А тут объявилась зараза в предместье Вевронском; стали кричать: "Сжигайте дома зачумленные!" Сказано - сделано. Ты был далек, вот и начали с твоего. Работали рьяно, всякий делал что мог: думали - это во имя общего блага. Ну и, конечно, друг друга задорили. Когда разрушать начинаешь, странное что-то творится. Хмелеешь, рубишь сплеча, нельзя перестать... Вспыхнул дом, и они стали кругом плясать. Это было безумье какое-то... Если б ты их увидал, ты, пожалуй бы, сам заплясал. Доски в твоей мастерской пылали, трещали... Словом, мой друг, все сгорело дотла!..
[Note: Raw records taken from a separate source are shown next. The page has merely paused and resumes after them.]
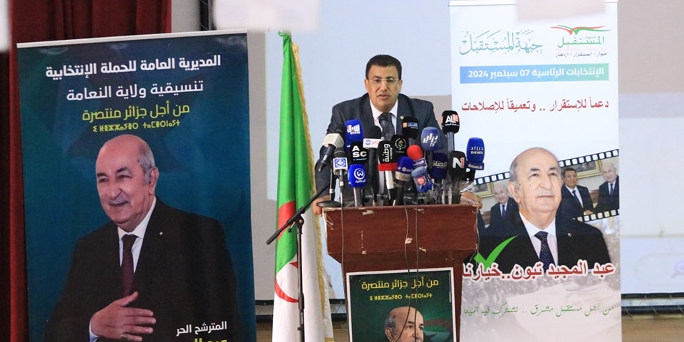 وأوضح السيد بوطبيق خلال تجمع شعبي نشطه بقاعة سينما “الأمل” بمدينة مشرية في إطار الحملة الانتخابية للرئاسيات المقبلة، أن المترشح الحر السيد عبد المجيد تبون، يحمل رؤية استراتيجية واضحة تعتمد على مواصلة تحقيق المؤشرات المالية والاقتصادية الإيجابية والرفع من نسبة نمو الاقتصاد الوطني، وأضاف أن السيد عبد المجيد تبون يعول على إعادة الثقة في شباب الجزائر وذوي الكفاءات العلمية لمواصلة الخطوات الكبيرة التي تم تحقيقها خلال عهدته الرئاسية الأولى لبناء اقتصاد قوي وتجسيد مختلف المشاريع المهيكلة كإنتاج الحديد ومختلف الموارد المنجمية وتحلية مياه البحر وخلق أقطاب للزراعات الاستراتيجية وبناء منشآت رياضية ومستشفيات كبرى وغيرها. وذكر ذات المتحدث، بمختلف محاور البرنامج الانتخابي للمترشح الحر، السيد عبد المجيد تبون، مشيرا إلى الإنجازات الدبلوماسية التي حققتها الجزائر وحضورها في المحافل الدولية خلال السنوات الأخير.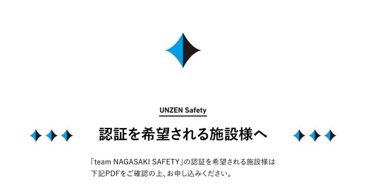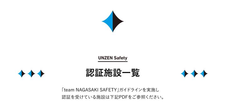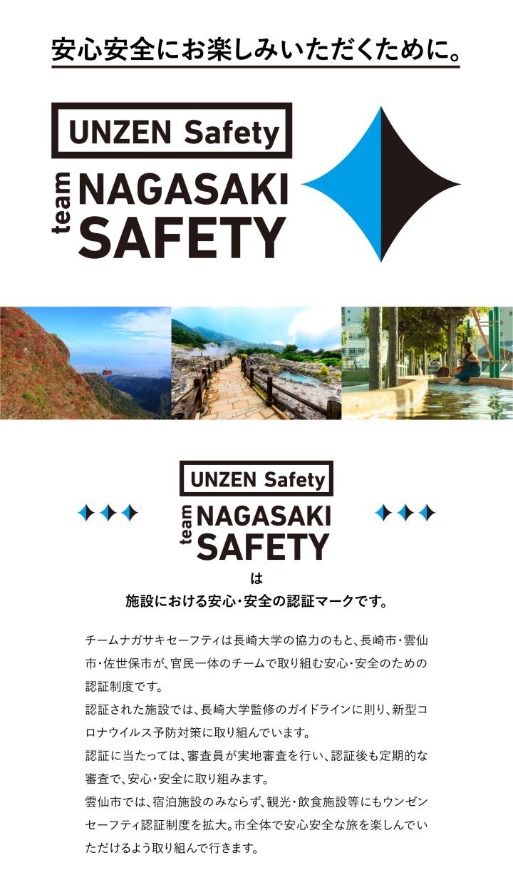 | | | 新型コロナウイルス感染症の拡大により、安心・安全の確保が重要となっています。 現在、宿泊施設の認証基準「team NAGASAKI SAFETY(チームナガサキセーフティ)」を、長崎大学、長崎市、雲仙市、佐世保市の産官学連携により設定し、共通したガイドラインによる取り組みを進めています。 雲仙市におきましては、雲仙市・(一社)雲仙温泉観光協会・小浜温泉旅館組合等で「新型コロナウイルス予防対策認定実行委員会」を立ち上げ、「UNZEN Safety(ウンゼンセーフティ)」として、宿泊客の皆様に安心・安全な宿泊を提供する取り組みを実施しています。 今後、新型コロナウイルスの終息に向けて、段階的な観光復興が見込まれるものの、観光施設等の滞在における不安や懸念は当面残るものと想定されます。 そこで、飲食店や観光施設等においても、同様な取り組みを行うことで、地域一体となった雲仙市の面的な安心安全への取り組みについて更に整備を進め、観光客に安心して訪れていただける自治体として、旅先に選ばれるきっかけの一つにしたいと考えています。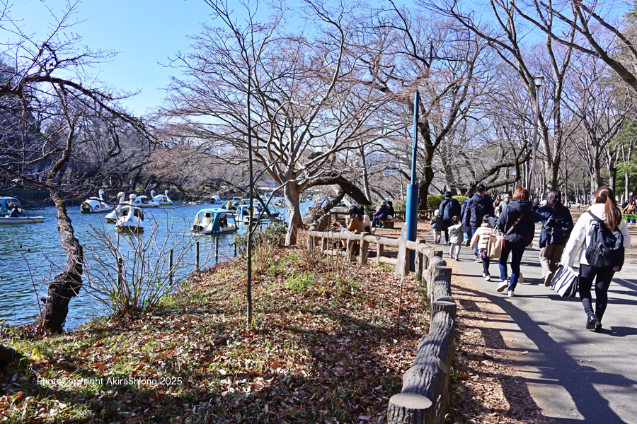 ![]() 池中央の七井橋の南側にあるボート場とスワンボートで混雑する池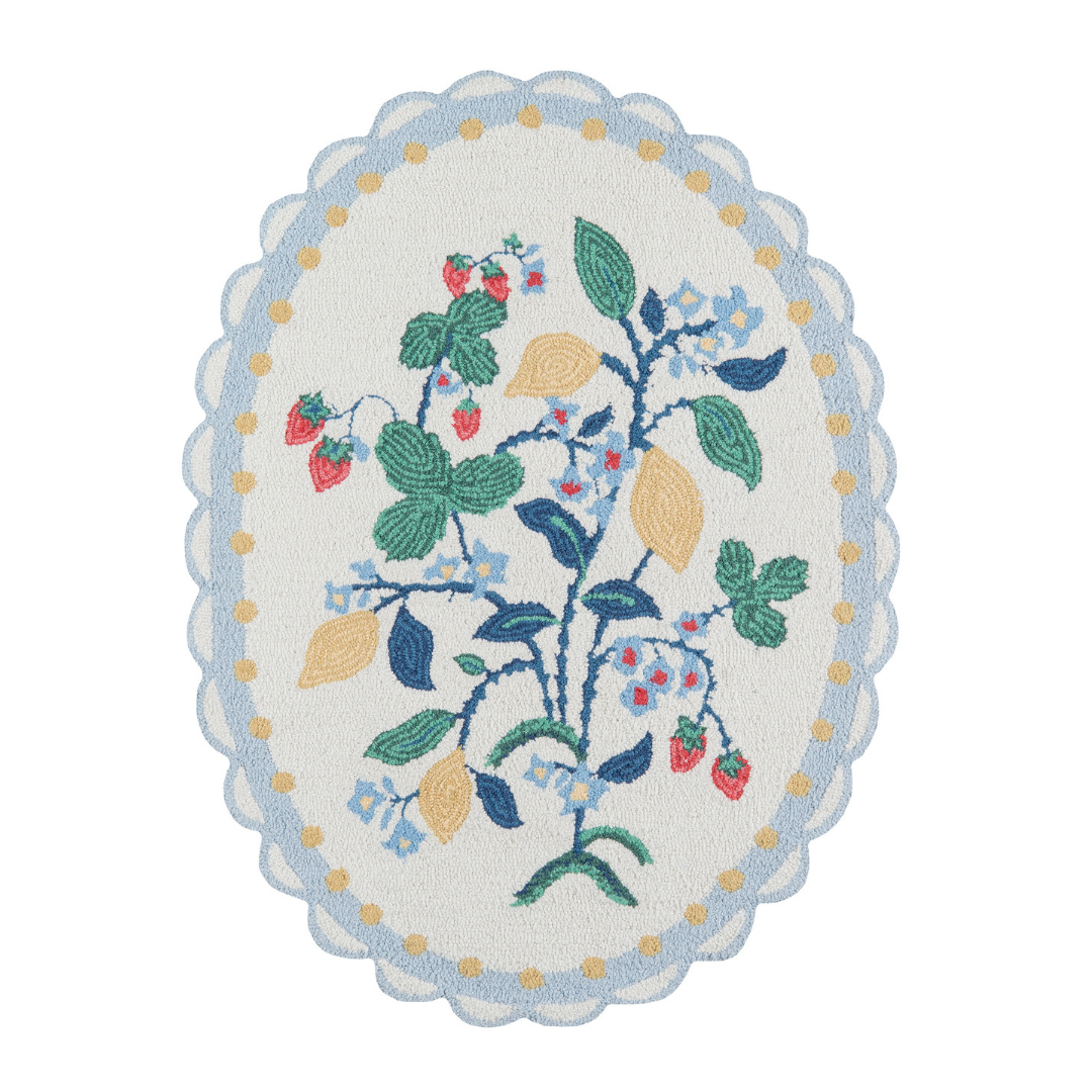 The Madcap Cottage Strawberry Hill white accent rug channels vintage needlepoint pillows with lemons surrounded by flowers and strawberries. Oval with scalloped edges, this strawberry rug makes a wonderful gift. One size: 3’ x 4’. Sized to fit perfectly and add a touch of whimsy inside your front door, in front of your kitchen sink, or next to your bed. Hand-hooked for a homemade appearance.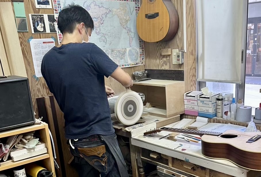 塗装を終えた表面には、わずかな“ゆず肌”と呼ばれる凹凸が残ります。これを丹念に磨き上げ、滑らかで深みのある光沢を与えるのがこの工程です。磨き終えたボディは、光を映し返すほどの輝きを放ち、木の奥行きと温もりが一層際立ちます。

– Хотел бы я видеть. Верно, славное зрелище было, - сказал я.
И это я думал. Но думал я также: я убит! Они добили меня. Эти чувства я скрыл от Жожоха.
– Так, значит, тебе все равно?
– Он спросил с недовольным видом. (Конечно, любил он меня и жалел; но порой мы не прочь - проклятое племя людское!
– видеть соседа в слезах - хотя бы затем, чтобы иметь удовольствие его утешать.)
Я сказал:
– Жаль, что они с этим пышным пожаром не подождали до праздников. Я двинулся.
– И ты все-таки в город идешь?
– Иду. Будь здоров, Жожох.
– Ну и чудак ты! Подстегнул он лошадку.
Я шел или, верней, притворялся идущим, пока не исчезла повозка за поворотом. Десяти-то шагов я пройти бы не мог, мне ноги въезжали в живот; я сел с размаху на камень, как на горшок.
Проходили мгновенья - скверные были мгновенья. Не стоило больше бахвалиться. Я мог горевать, горевать сколько душе угодно. Я не лишил себя этого. Думал я: "Все я утратил, жилище и даже надежду построить себе новый дом, мои сбереженья, которые я накопил по капле медленным, сладким трудом, воспоминанья жизни моей, пропитавшие стены, тени былого, подобные светочам. И еще больше того, - я утратил свободу.